◆ **Source material**
--------------------
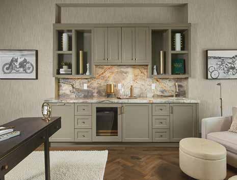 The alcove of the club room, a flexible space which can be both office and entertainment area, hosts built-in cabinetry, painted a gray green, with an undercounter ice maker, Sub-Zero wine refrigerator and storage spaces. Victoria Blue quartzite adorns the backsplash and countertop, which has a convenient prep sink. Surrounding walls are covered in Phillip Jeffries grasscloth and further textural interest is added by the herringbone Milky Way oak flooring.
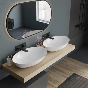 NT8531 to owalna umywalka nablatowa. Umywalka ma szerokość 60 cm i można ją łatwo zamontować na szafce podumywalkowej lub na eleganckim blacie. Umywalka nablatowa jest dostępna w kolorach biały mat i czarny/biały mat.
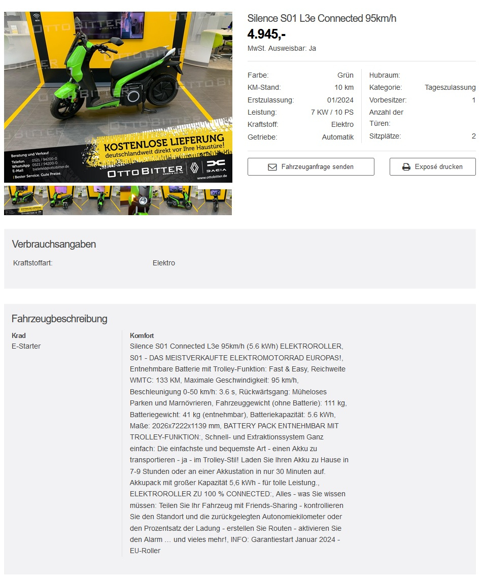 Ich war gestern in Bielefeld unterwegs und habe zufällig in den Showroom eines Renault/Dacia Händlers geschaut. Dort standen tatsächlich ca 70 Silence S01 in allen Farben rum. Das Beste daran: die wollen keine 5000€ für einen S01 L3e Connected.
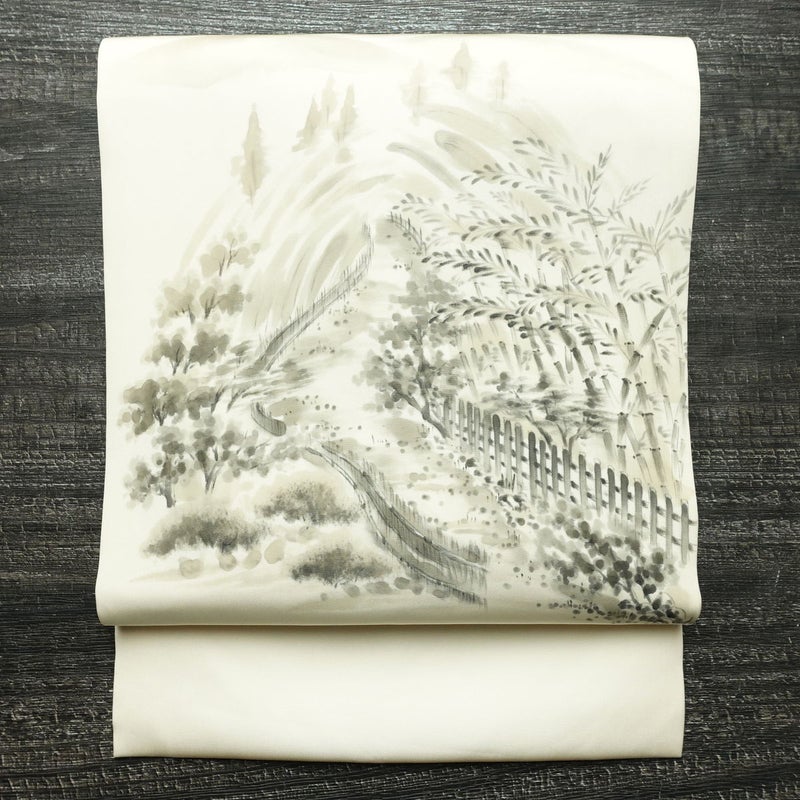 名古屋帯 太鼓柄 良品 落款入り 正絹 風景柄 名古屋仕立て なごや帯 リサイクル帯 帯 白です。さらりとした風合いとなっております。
--------------------
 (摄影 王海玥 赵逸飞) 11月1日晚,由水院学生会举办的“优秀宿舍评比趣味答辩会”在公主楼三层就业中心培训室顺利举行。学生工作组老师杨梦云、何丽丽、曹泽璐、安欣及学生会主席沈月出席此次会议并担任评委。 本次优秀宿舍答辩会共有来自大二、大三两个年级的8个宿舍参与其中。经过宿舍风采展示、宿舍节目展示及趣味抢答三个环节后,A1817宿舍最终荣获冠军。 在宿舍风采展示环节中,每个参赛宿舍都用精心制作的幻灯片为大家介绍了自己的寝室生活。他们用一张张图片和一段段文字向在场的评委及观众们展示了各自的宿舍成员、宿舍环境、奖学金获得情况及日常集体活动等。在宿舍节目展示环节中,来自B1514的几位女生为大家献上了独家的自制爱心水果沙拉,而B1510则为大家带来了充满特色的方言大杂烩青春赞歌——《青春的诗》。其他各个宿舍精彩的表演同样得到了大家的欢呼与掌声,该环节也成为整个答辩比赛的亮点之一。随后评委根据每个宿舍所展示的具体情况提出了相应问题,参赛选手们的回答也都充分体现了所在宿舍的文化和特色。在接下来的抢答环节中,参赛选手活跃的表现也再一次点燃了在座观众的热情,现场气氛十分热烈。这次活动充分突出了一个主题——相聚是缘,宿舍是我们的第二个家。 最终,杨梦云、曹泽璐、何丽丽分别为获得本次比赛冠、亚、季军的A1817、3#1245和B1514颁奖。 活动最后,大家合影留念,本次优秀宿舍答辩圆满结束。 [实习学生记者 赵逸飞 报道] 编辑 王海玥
--------------------
◆ **What you have to do**
Nothing but the lines from the one containing "Ich war gestern" through the one containing "名古屋帯 太鼓柄 良品" should appear, copied exactly from the material above and without pictures.

◆ **Exercise output**
 Ich war gestern in Bielefeld unterwegs und habe zufällig in den Showroom eines Renault/Dacia Händlers geschaut. Dort standen tatsächlich ca 70 Silence S01 in allen Farben rum. Das Beste daran: die wollen keine 5000€ für einen S01 L3e Connected.
 名古屋帯 太鼓柄 良品 落款入り 正絹 風景柄 名古屋仕立て なごや帯 リサイクル帯 帯 白です。さらりとした風合いとなっております。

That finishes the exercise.